_Input data:_
##########

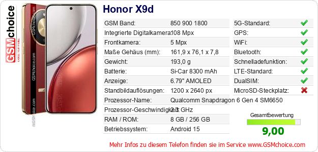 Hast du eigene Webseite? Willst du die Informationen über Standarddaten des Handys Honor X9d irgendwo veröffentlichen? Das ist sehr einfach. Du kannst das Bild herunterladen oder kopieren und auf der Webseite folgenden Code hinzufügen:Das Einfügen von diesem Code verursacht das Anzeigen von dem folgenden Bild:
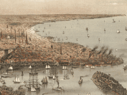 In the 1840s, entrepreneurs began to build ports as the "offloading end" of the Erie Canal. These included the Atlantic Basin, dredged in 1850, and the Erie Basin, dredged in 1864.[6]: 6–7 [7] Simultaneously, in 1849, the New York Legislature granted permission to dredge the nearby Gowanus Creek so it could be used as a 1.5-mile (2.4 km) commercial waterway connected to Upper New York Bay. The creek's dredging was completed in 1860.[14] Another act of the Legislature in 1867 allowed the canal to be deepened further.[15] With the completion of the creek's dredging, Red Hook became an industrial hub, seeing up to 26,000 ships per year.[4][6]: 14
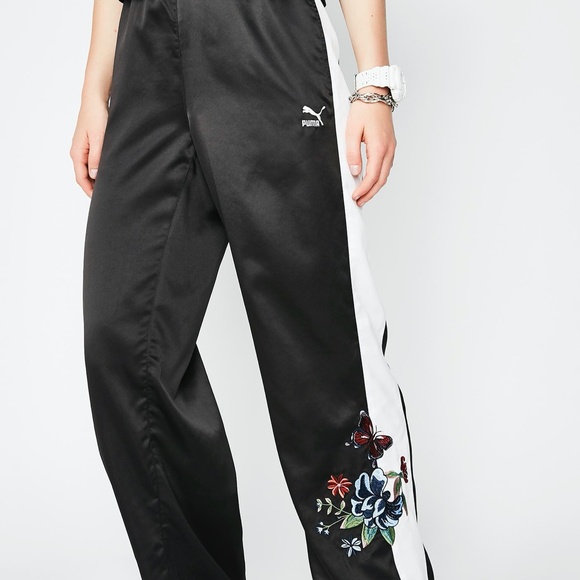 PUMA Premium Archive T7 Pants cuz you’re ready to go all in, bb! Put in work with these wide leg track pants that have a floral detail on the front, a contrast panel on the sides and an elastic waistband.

##########

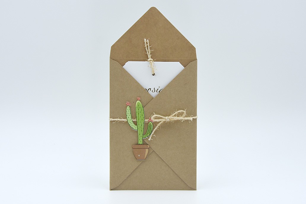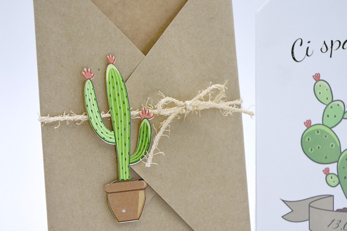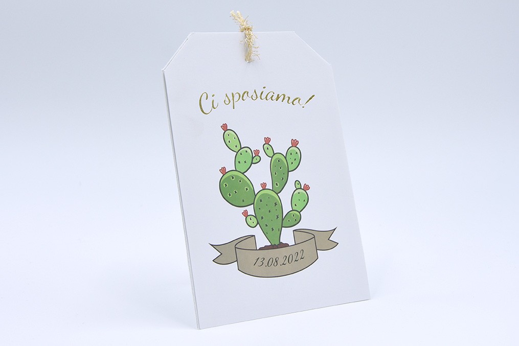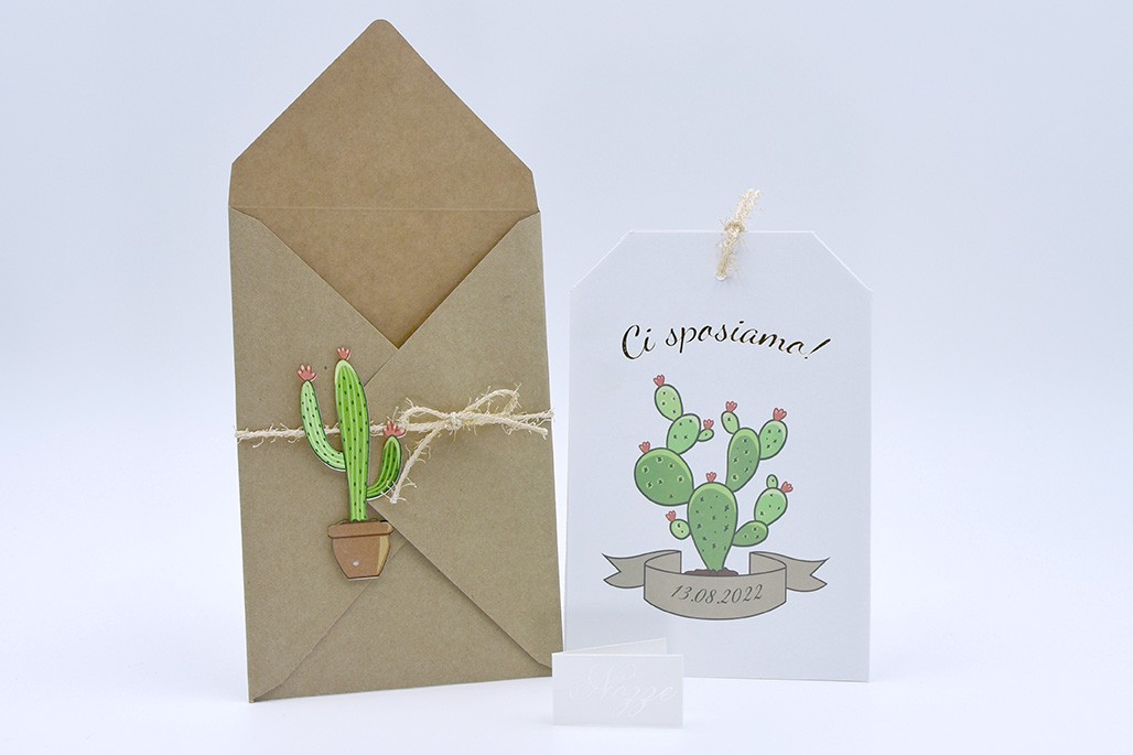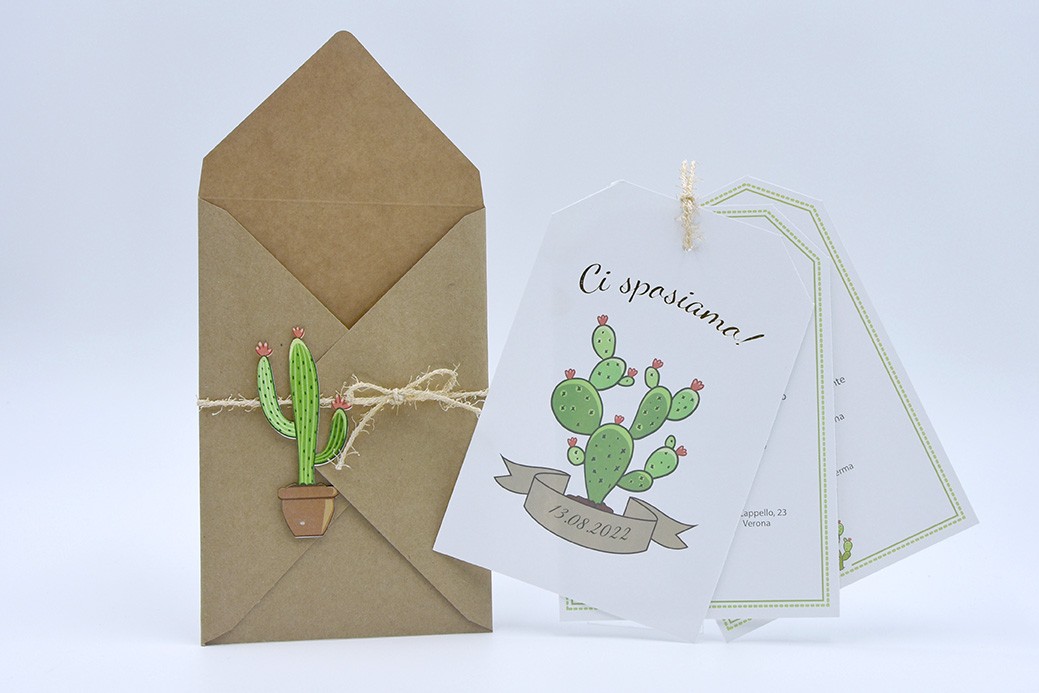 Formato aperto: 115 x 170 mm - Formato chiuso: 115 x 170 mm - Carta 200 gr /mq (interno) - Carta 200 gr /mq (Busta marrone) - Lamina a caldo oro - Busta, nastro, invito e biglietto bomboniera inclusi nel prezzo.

##########

_Task item:_ In the entries above, find the line containing "Hast du eigene" and the line containing "PUMA Premium Archive"; give again exactly those two lines and every line between them, minus the pictures.

_Result for this task:_
 Hast du eigene Webseite? Willst du die Informationen über Standarddaten des Handys Honor X9d irgendwo veröffentlichen? Das ist sehr einfach. Du kannst das Bild herunterladen oder kopieren und auf der Webseite folgenden Code hinzufügen:Das Einfügen von diesem Code verursacht das Anzeigen von dem folgenden Bild:
 In the 1840s, entrepreneurs began to build ports as the "offloading end" of the Erie Canal. These included the Atlantic Basin, dredged in 1850, and the Erie Basin, dredged in 1864.[6]: 6–7 [7] Simultaneously, in 1849, the New York Legislature granted permission to dredge the nearby Gowanus Creek so it could be used as a 1.5-mile (2.4 km) commercial waterway connected to Upper New York Bay. The creek's dredging was completed in 1860.[14] Another act of the Legislature in 1867 allowed the canal to be deepened further.[15] With the completion of the creek's dredging, Red Hook became an industrial hub, seeing up to 26,000 ships per year.[4][6]: 14
 PUMA Premium Archive T7 Pants cuz you’re ready to go all in, bb! Put in work with these wide leg track pants that have a floral detail on the front, a contrast panel on the sides and an elastic waistband.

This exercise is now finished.